Observation of live facial expressions typically elicits similar expressions (facial mimicry) accompanied by shared emotional experiences (emotional contagion). The model of embodied emotion proposes that emotional contagion and facial mimicry are functionally linked although the neural underpinnings are unknown. To address this knowledge gap we employed two-person (n = 20 dyads) functional near-infrared spectroscopy during live emotive face-processing while also measuring eye-tracking, facial classifications, and ratings of emotion. One partner, “Movie Watcher”, was instructed to emote natural facial expressions while viewing evocative short movie clips. The other partner, “Face Watcher”, viewed the Movie Watcher’s face. Dyadic roles were alternated between partners. Task and rest blocks were implemented by timed epochs of clear and opaque glass that separated partners. Correlations of dyadic facial expressions (r = 0.41) and dyadic affect ratings (r = 0.66) were consistent with findings of both emotional contagion and facial mimicry. Neural correlates of emotional contagion based on covariates of partner ratings included right angular and supramarginal gyri.
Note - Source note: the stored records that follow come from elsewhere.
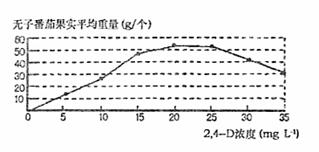 16.(09南昌高三测试) 进行研究性学习的同学对某品种蕃茄的花进行人工去雄后,用不同浓度的生长素类似物2,4-D涂抹子房,得到的无子番茄果实平均重量见下图,据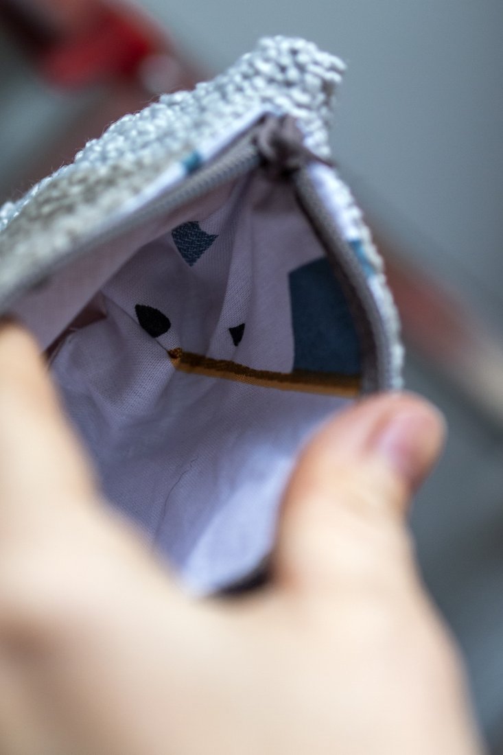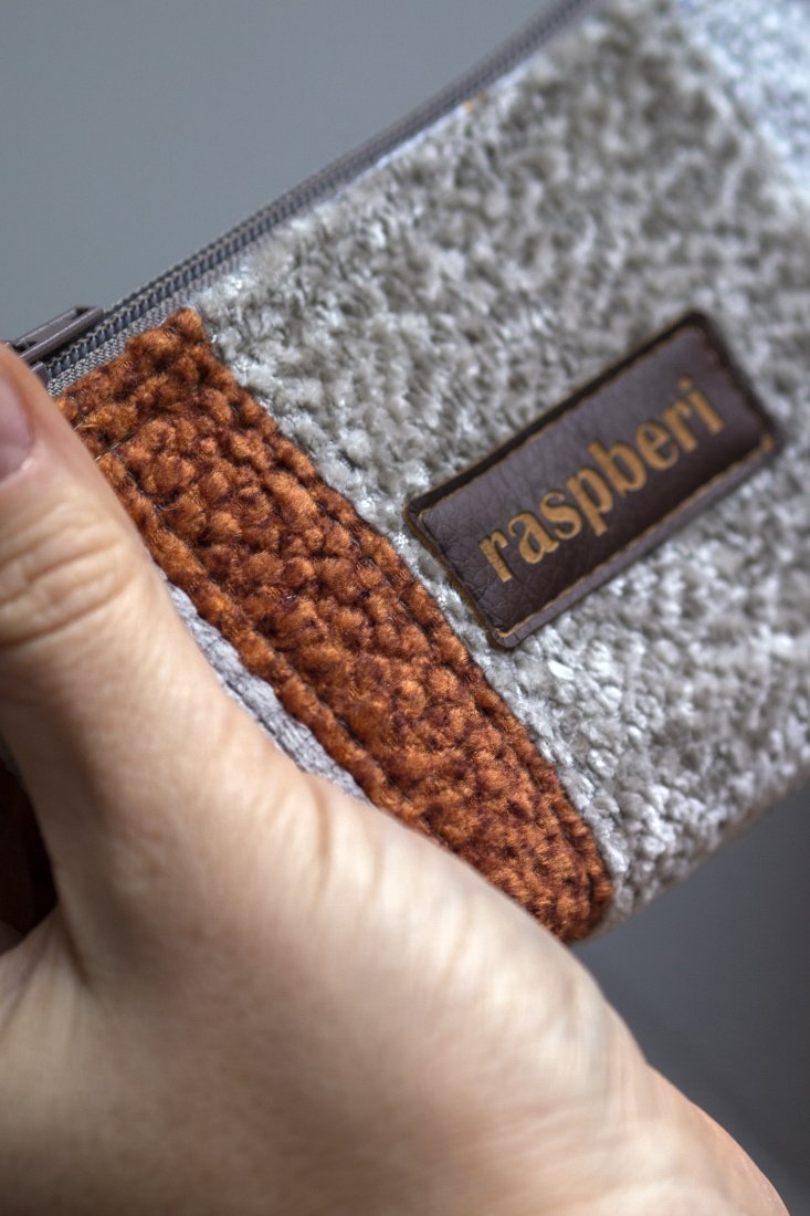 Kosmetyczka w rozmiarze MINI wykonana z kilku rodzajów tkanin. Stworzona w duchu no waste.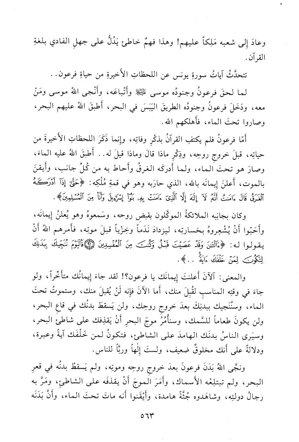 أَمّا فرعونُ فلم يكتفِ القرآنُ بذكْرِ وفاتِه، وإِنما ذَكَرَ اللحظاتِ الأَخيرةَ من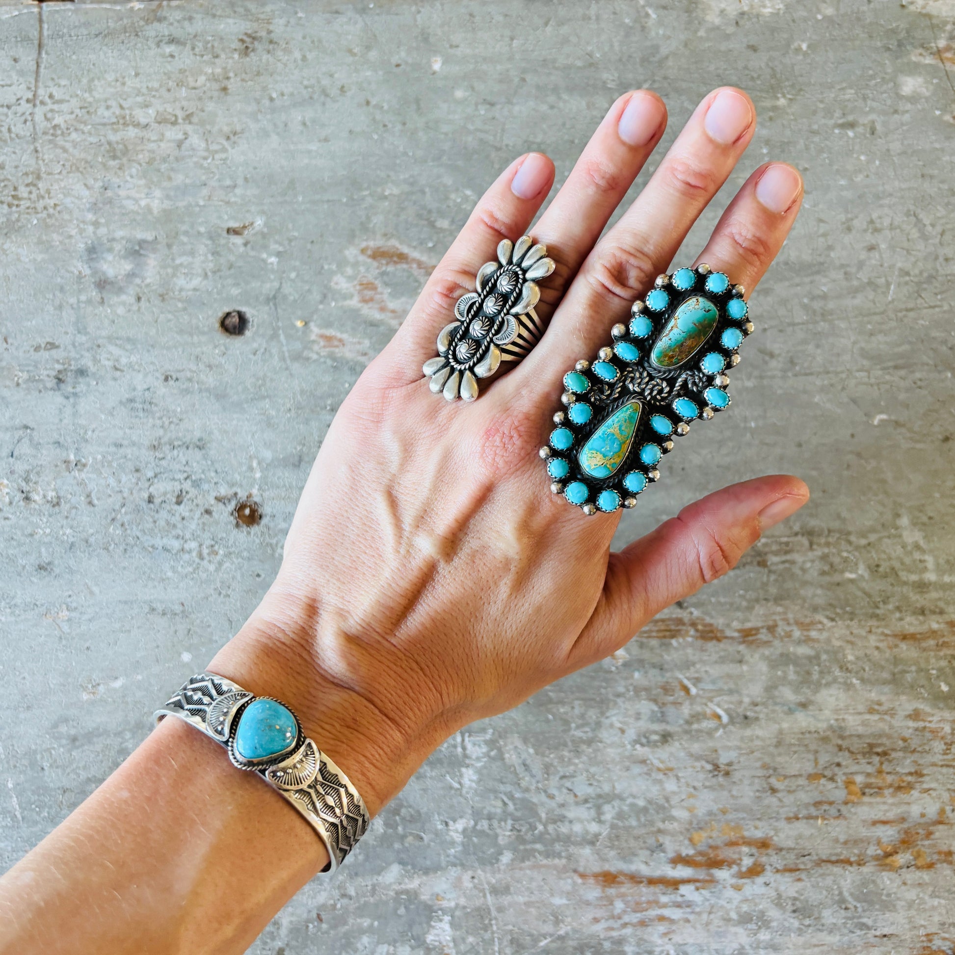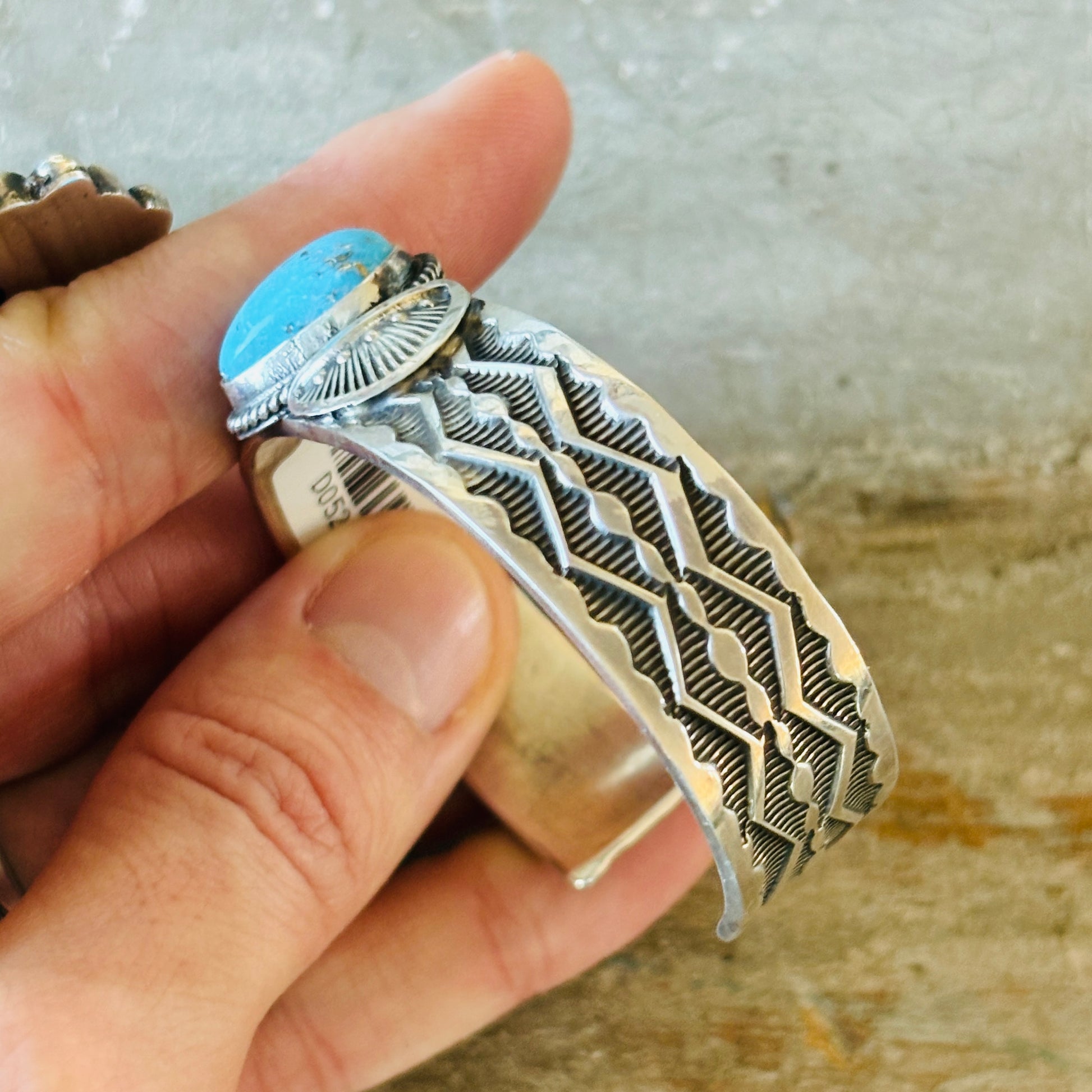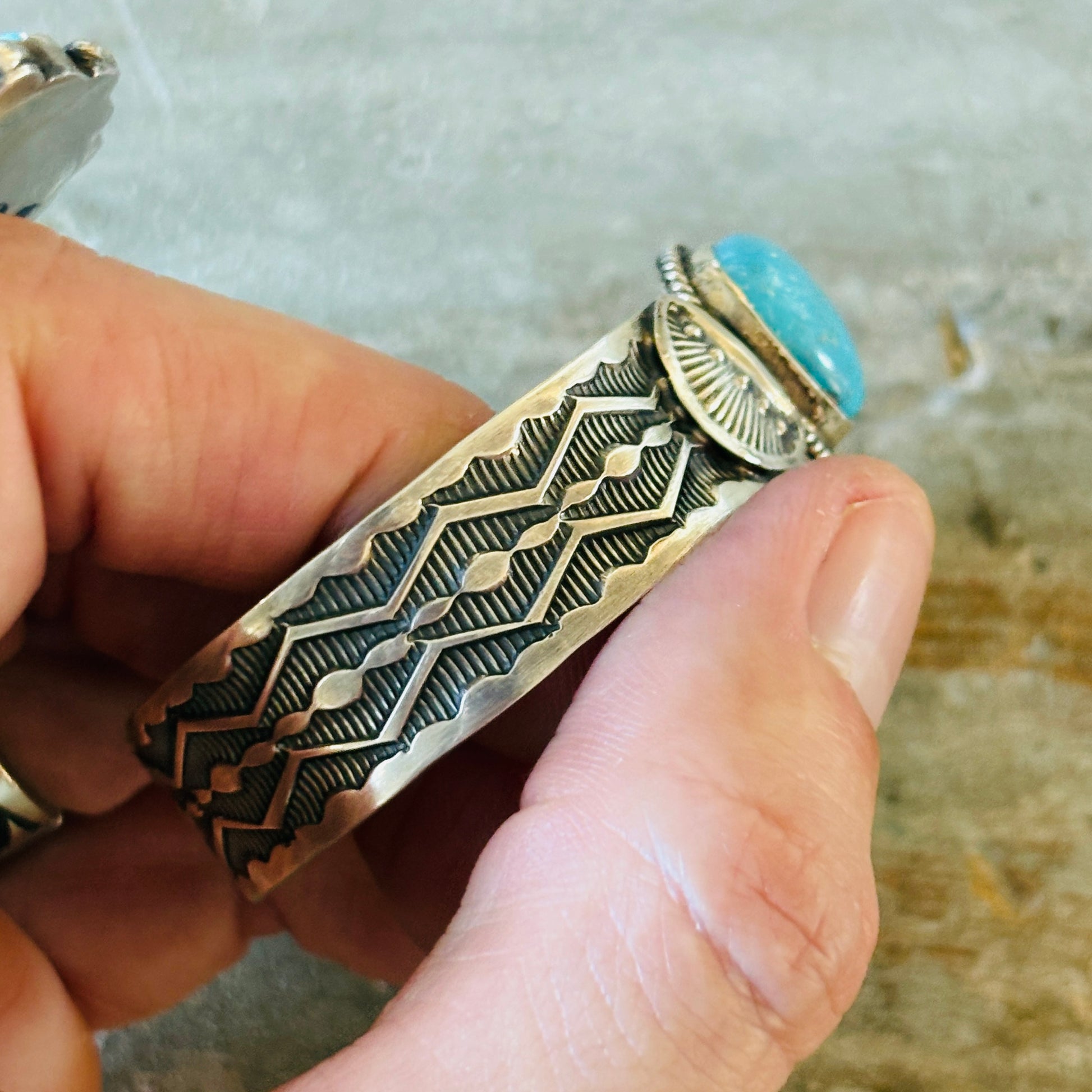 Navajo Sunshine Reeves Sterling Silver & Persian Turquoise Stacker Cuff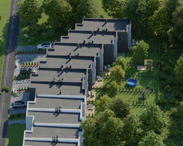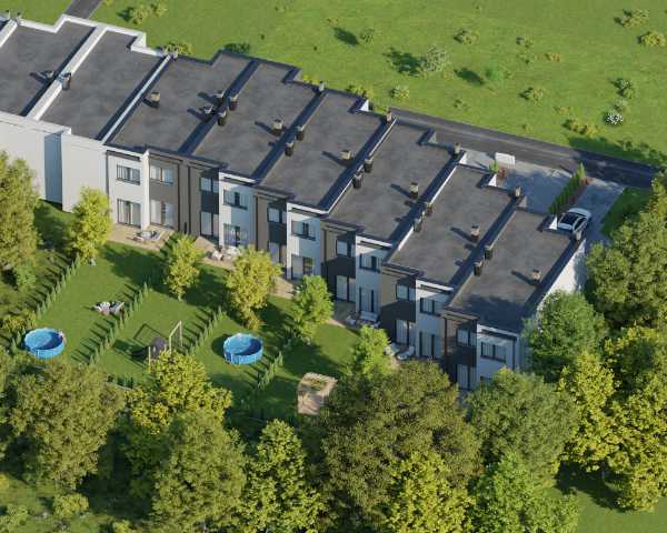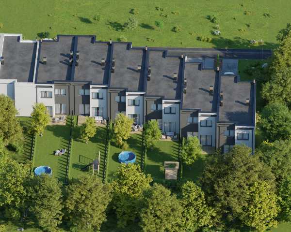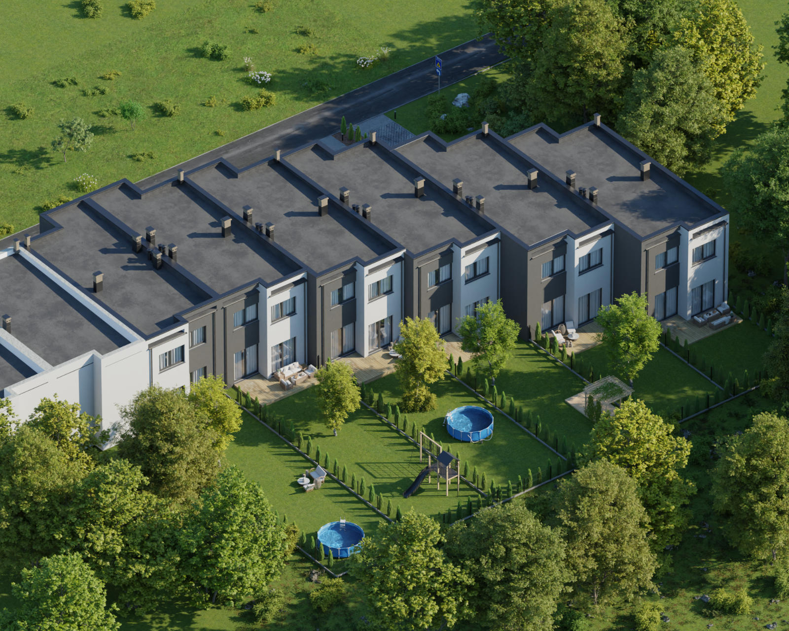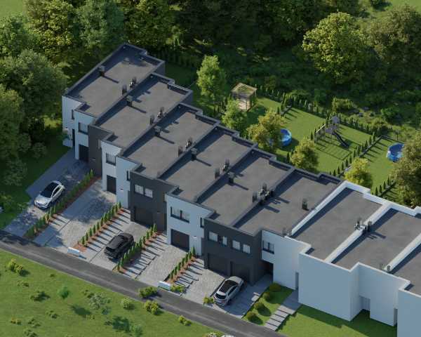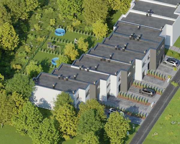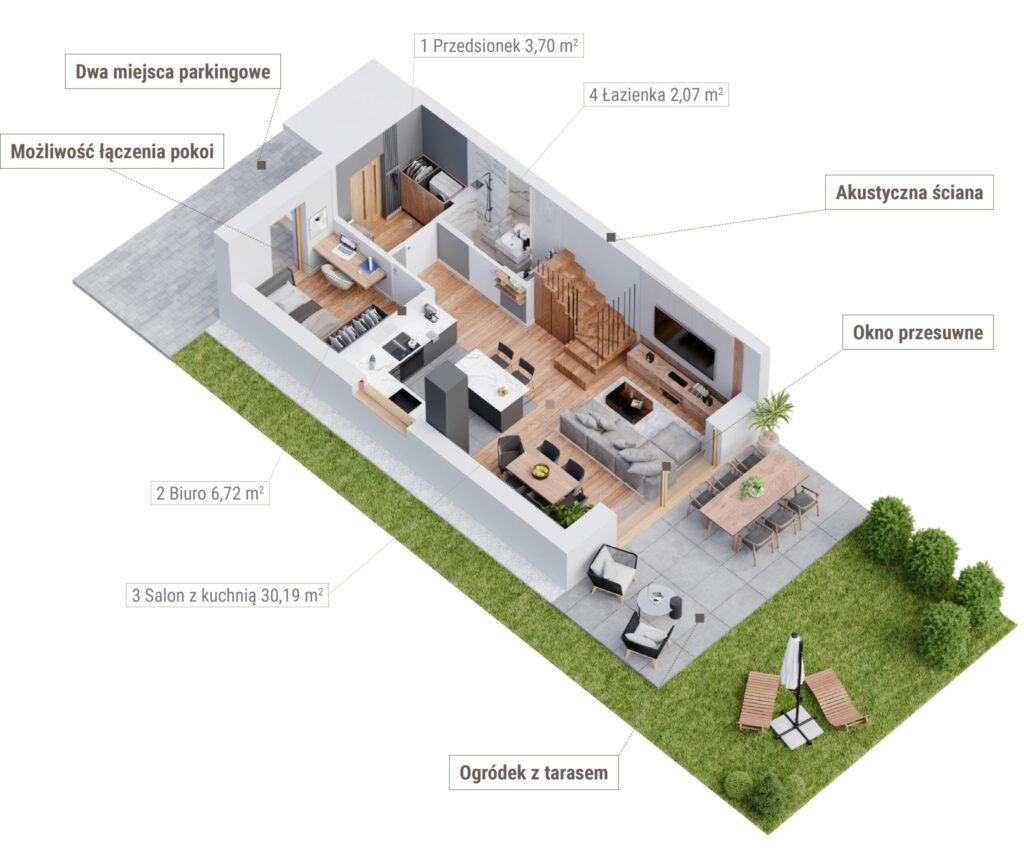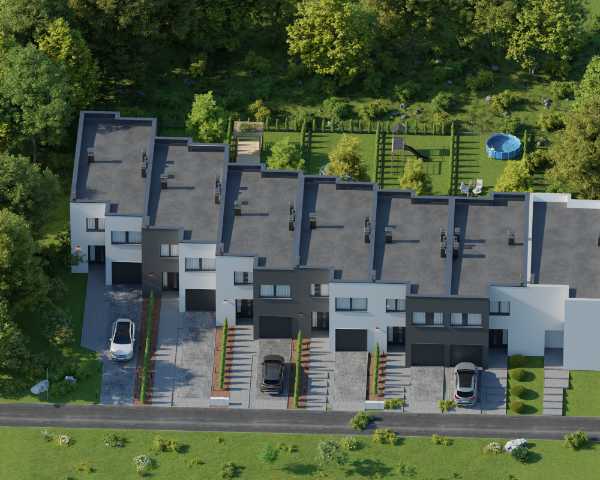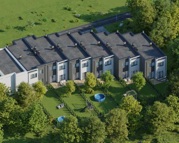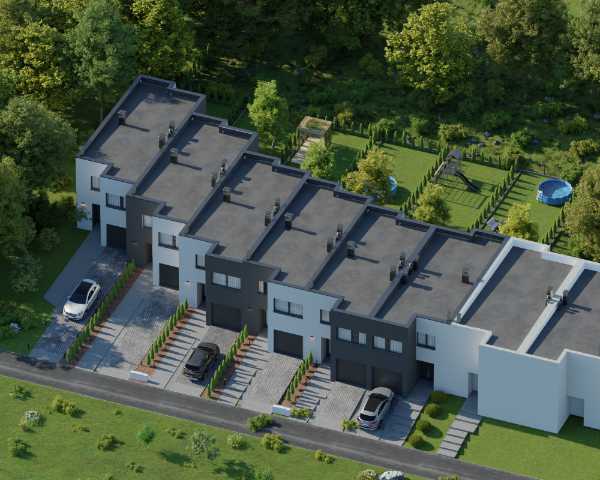 Na zewnątrz czeka na Ciebie prywatny ogródek z tarasem, gdzie zrelaksujesz się po pracy albo wypijesz kawę w weekendowy poranek. Do każdego lokalu przynależą miejsca postojowe, a teren wokół jest już gotowy do użytku – z ogrodzeniem, podjazdem i chodnikami w cenie. Dodatkowo możesz zainstalować klimatyzację, fotowoltaikę, rolety czy nawet system automatycznego nawadniania ogrodu. Co ważne, domy nie mają części wspólnych, więc nie płacisz za nic, z czego nie korzystasz. Tutaj od początku mieszkasz na własnych zasadach.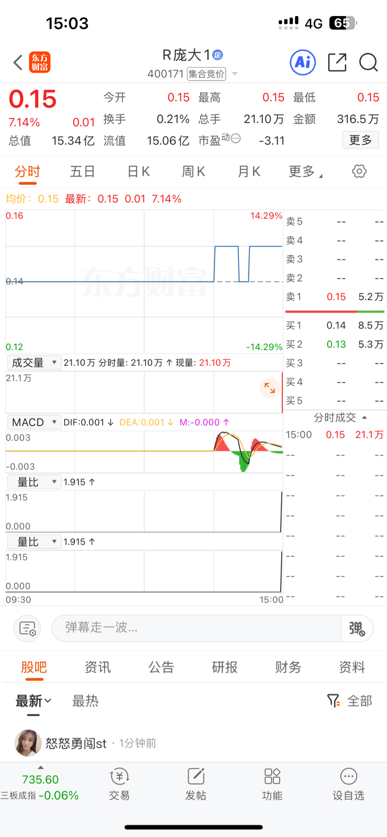 $R庞大1(SZ400171)$ 还有人买,害人不浅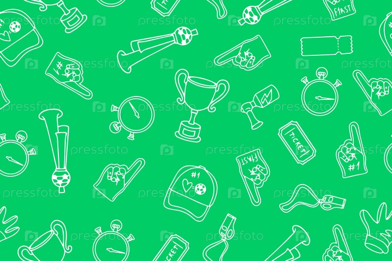 Бесшовный узор с атрибутами футбола и болельщиков. Ручные футбольные символы. Вектор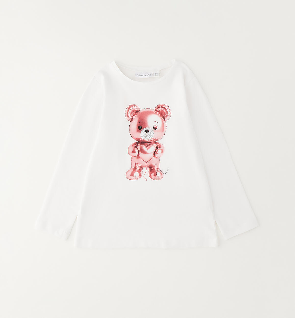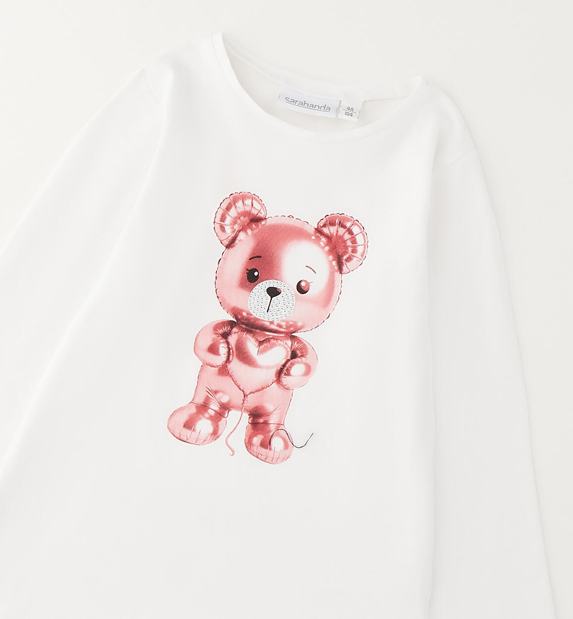 Sarabanda long-sleeved crewneck T-shirt for girls made of stretch cotton jersey. Featuring a rhinestone bear print.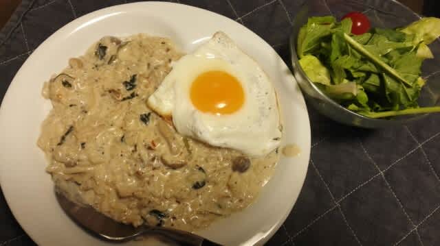 まず、通販で購入した館ヶ森高原の豚さんをフライパンで焼いてメインディッシュに。その時豚肉から脂が出たのでそれをベースにホウレンソウを炒め、牛乳を加える。更にそこにItaliaで買ったドライポルチーニを入れて、そこにcheeseを入れて溶かしてみた。スパイスとして、これまたItaliaで買ったbasilやペペロンチーノの素を入れ、最後にマーマレードを。

Neural correlates of mimicry associated with partner facial action units include core face recognition system. Thus, the proposed linkages between facial mimicry and emotional contagion represent separate components of face processing.


Participants. Adults 18 years of age and older who were healthy and had no known neurological disorders (by self-report) were eligible to participate. The study sample included 40 participants (26 women, 12 men, and 2 identified as another gender; mean age: 26.3 ± 10.5 years; 36 right-handed and 4 left-handed. See Table S1). All participants provided written informed consent in accordance with guidelines approved by the Yale University Human Investigation Committee (HIC #1501015178) and were reimbursed for participation. Dyad members were unacquainted prior to the experiments and assigned in order of recruitment. Laboratory practices are mindful of goals to assure diversity, equity, and inclusion, and accruals were monitored by regular evaluations based on expected distributions in the surrounding area. Each participant provided demographic and handedness information before the experiment.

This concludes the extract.